Stored items from a collection
= Beginning of Section =

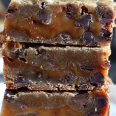 These bars are my new addiction. They sandwich chocolate chip cookie dough (which is already pretty much the greatest thing on the planet) with heavenly slightly salty caramel.
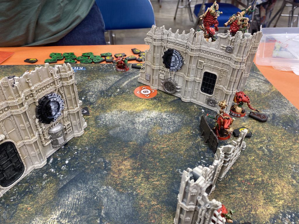 Funnily enough my second round was against Chris, Tim's friend, who was playing an identical Kill Team. Both Chris and Tim had taken the time to convert their teams to really feed into the silly nature of the Gretchen with Tim's Ork Boyz actually being Gretchen disguised to look larger, and Chris's all disguised as Squigs. I had to hand it to both of them, they seemed to be having a great time and enjoyed playing into the gimmick. It is also worth pointing out that there had to be something to their strategy, as Chris had managed to beat his previous opponent, Hunter Clades, 17-15.
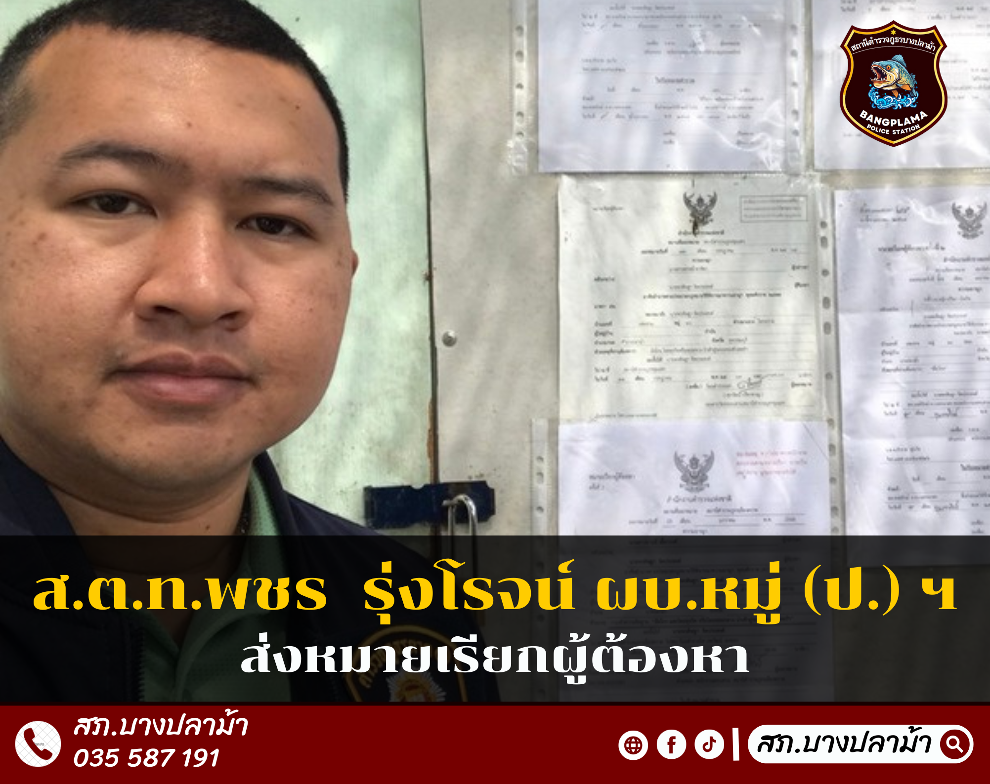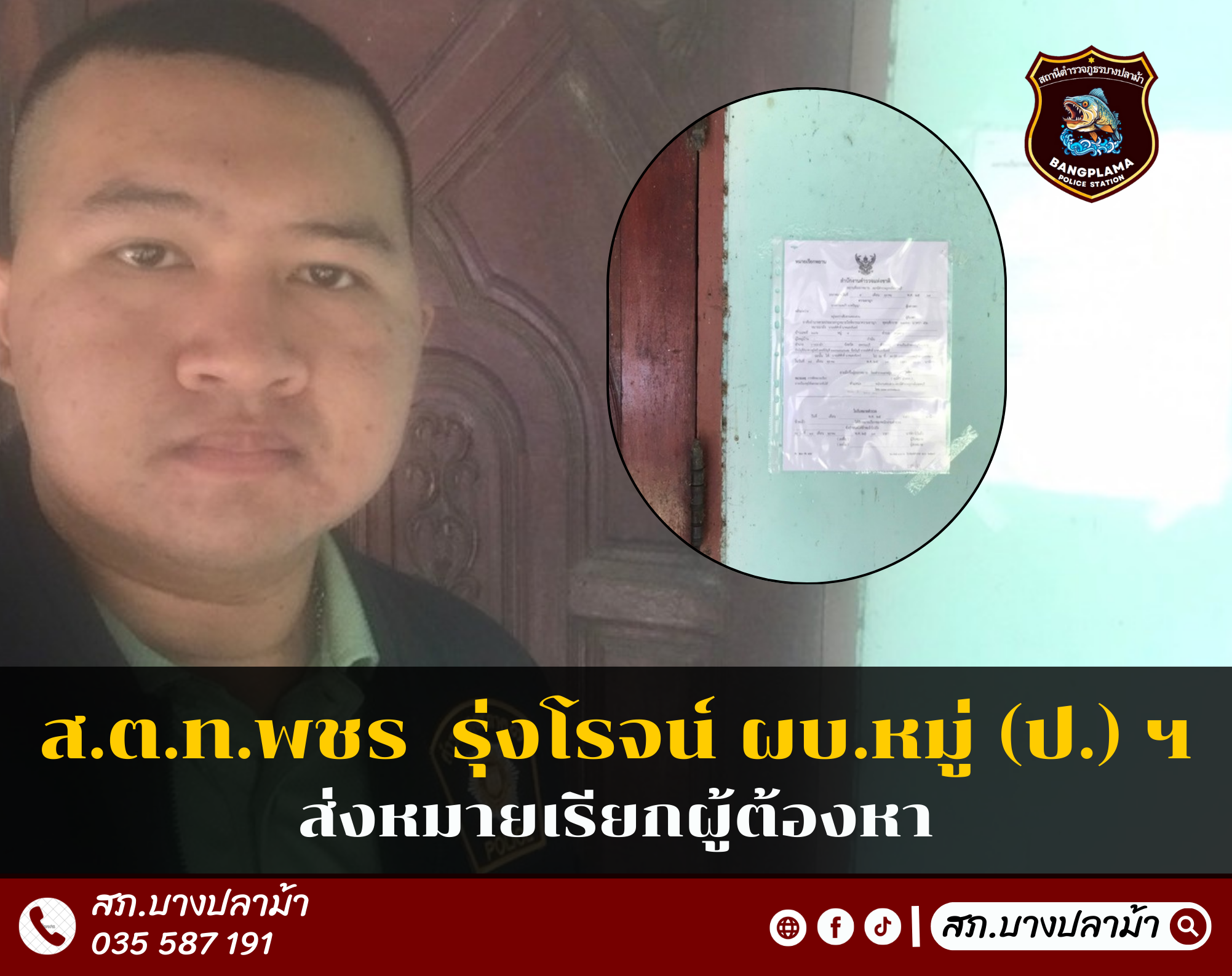 เรียน ผู้บังคับบัญชา สภ.บางปลาม้า ภ.จว.สุพรรณบุรี วันที่ 20 มกราคม 2569 เวลา 16.30น. พ.ต.อ.กิตติพัน
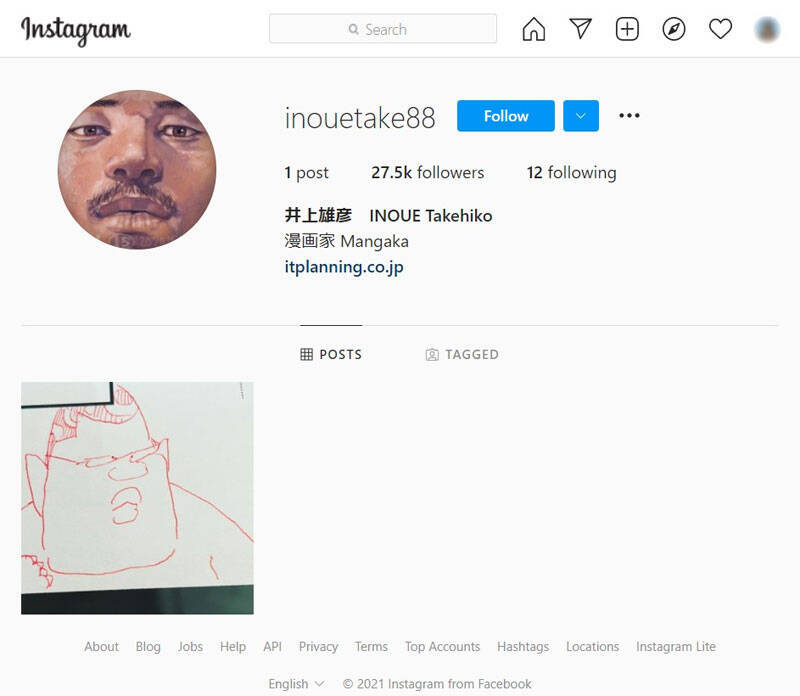 「SLAM DUNK」や「リアル」、「バガボンド」など人気漫画の作者として知られている漫画家の井上雄彦さんが、ひっそりと?Instagramを10月11日に開設していたことを27日にTwitterで報告。すでにフォロワー数は2万人を超えています。
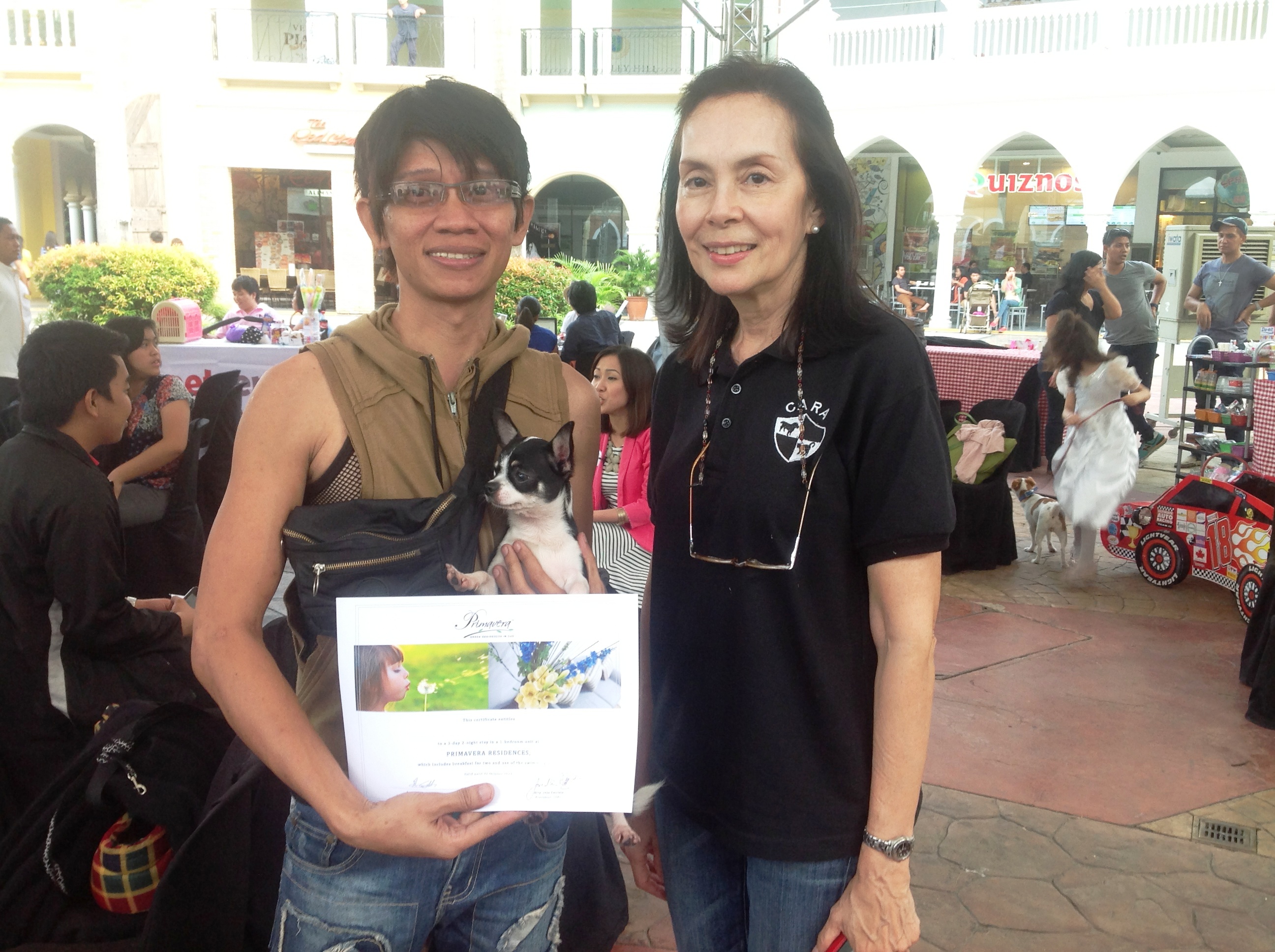 Thirty dogs and cats competed for the fashion show and only three emerged as top winners: Charlie dela Cruz and Yccolei, first place; Sarah Jane Lee and JJ, second place; and Charles Galang and Asia, third place. The winners brought home loot bags, while the first placer tandem got an additional gift certificate for a 3-days, 2-nights stay (with breakfast) at the Primavera Residences. Other giveaways were from Ovaltine, Whole Pet Kitchen, and Doodles Paw Couture.
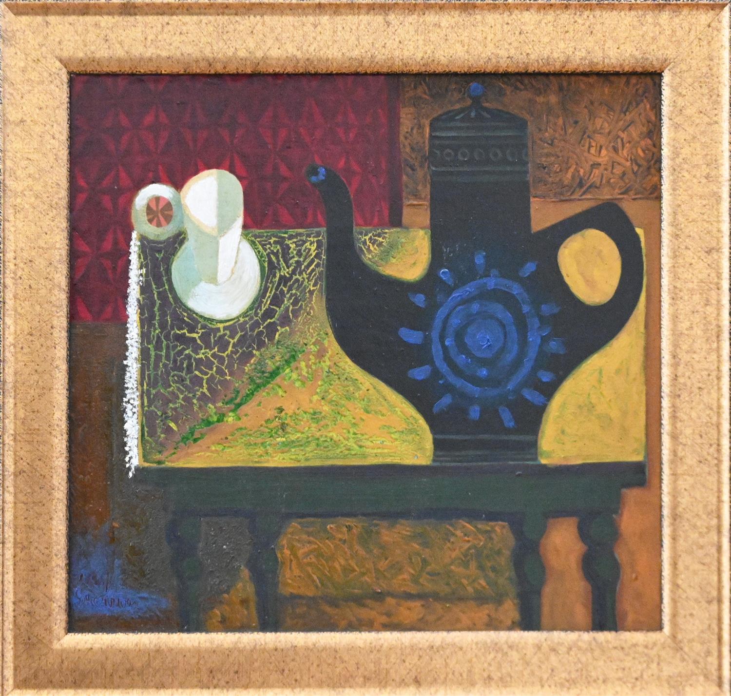 Overall good condition with minor cracking throughout. Small abrasion to upper right hand corner, resulting in minor paint loss.
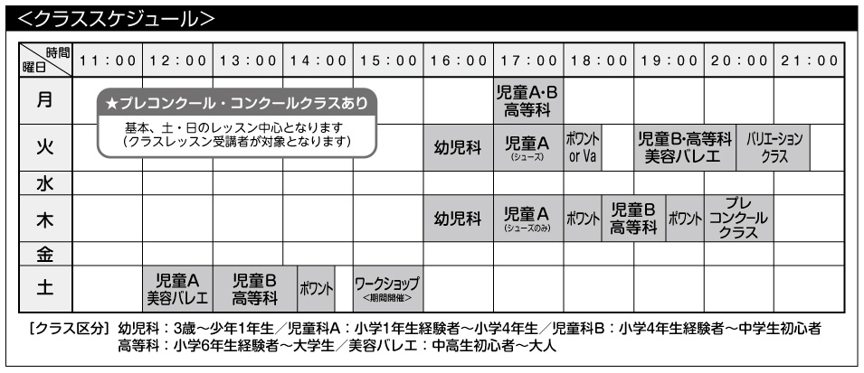 - ポワントクラス・バリエーションクラス・プレコンクールクラスのみの受講はできません。
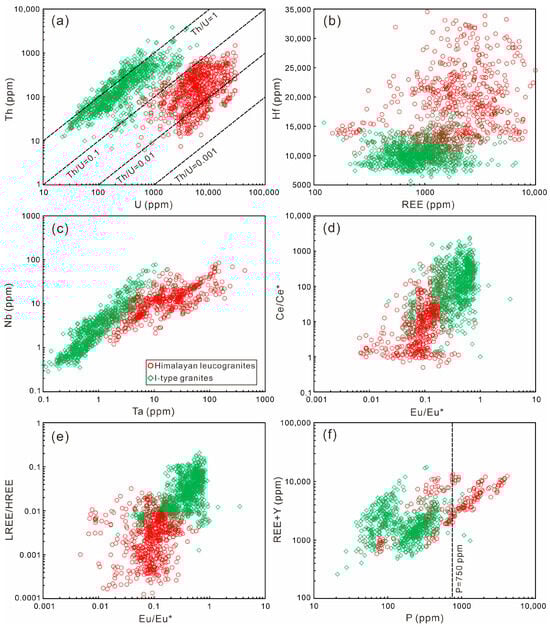 (a) Th versus U, (b) Hf versus REE, (c) Nb versus Ta, (d) Ce/Ce* versus Eu/Eu*, (e) LREE/HREE versus Eu/Eu*, and (f) REE+Y versus P diagrams of zircons from Himalayan leucogranites and I-type granites. Data sources are listed in Tables S1–S3. REE-rare earth elements; LREE-light rare earth elements; HREE-heavy rare earth elements.
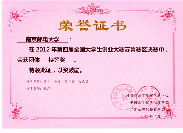 2012.6“金蝶杯”2012年第四届全国大学生创业大赛苏鲁赛区决赛特等奖
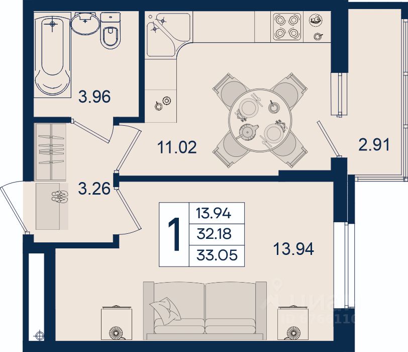 1 комнатная квартира 33.05 м² с ремонтом, на 2 этаже в жилом комплексе ''Дом 101''.
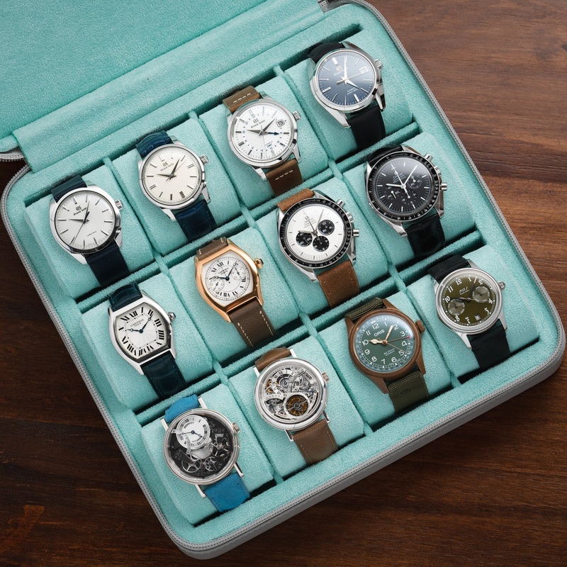 The Zip Box is sized to fit watches with case size up to 54mm (including the crown), so you can fit anything from your Rolex Datejust to Panerai inside this case. And did I already mention that the Zip Box pillows are compressible and designed to fit smaller wrists, so there’s no need to worry about it stretching your strap or bracelet!

= End of Section =

Aim of the task>
Look above for the line with "Overall good condition" and copy exactly from it through the line with "1 комнатная квартира", both included. Omit the pictures.

Exercise result>
 Overall good condition with minor cracking throughout. Small abrasion to upper right hand corner, resulting in minor paint loss.
 - ポワントクラス・バリエーションクラス・プレコンクールクラスのみの受講はできません。
 (a) Th versus U, (b) Hf versus REE, (c) Nb versus Ta, (d) Ce/Ce* versus Eu/Eu*, (e) LREE/HREE versus Eu/Eu*, and (f) REE+Y versus P diagrams of zircons from Himalayan leucogranites and I-type granites. Data sources are listed in Tables S1–S3. REE-rare earth elements; LREE-light rare earth elements; HREE-heavy rare earth elements.
 2012.6“金蝶杯”2012年第四届全国大学生创业大赛苏鲁赛区决赛特等奖
 1 комнатная квартира 33.05 м² с ремонтом, на 2 этаже в жилом комплексе ''Дом 101''.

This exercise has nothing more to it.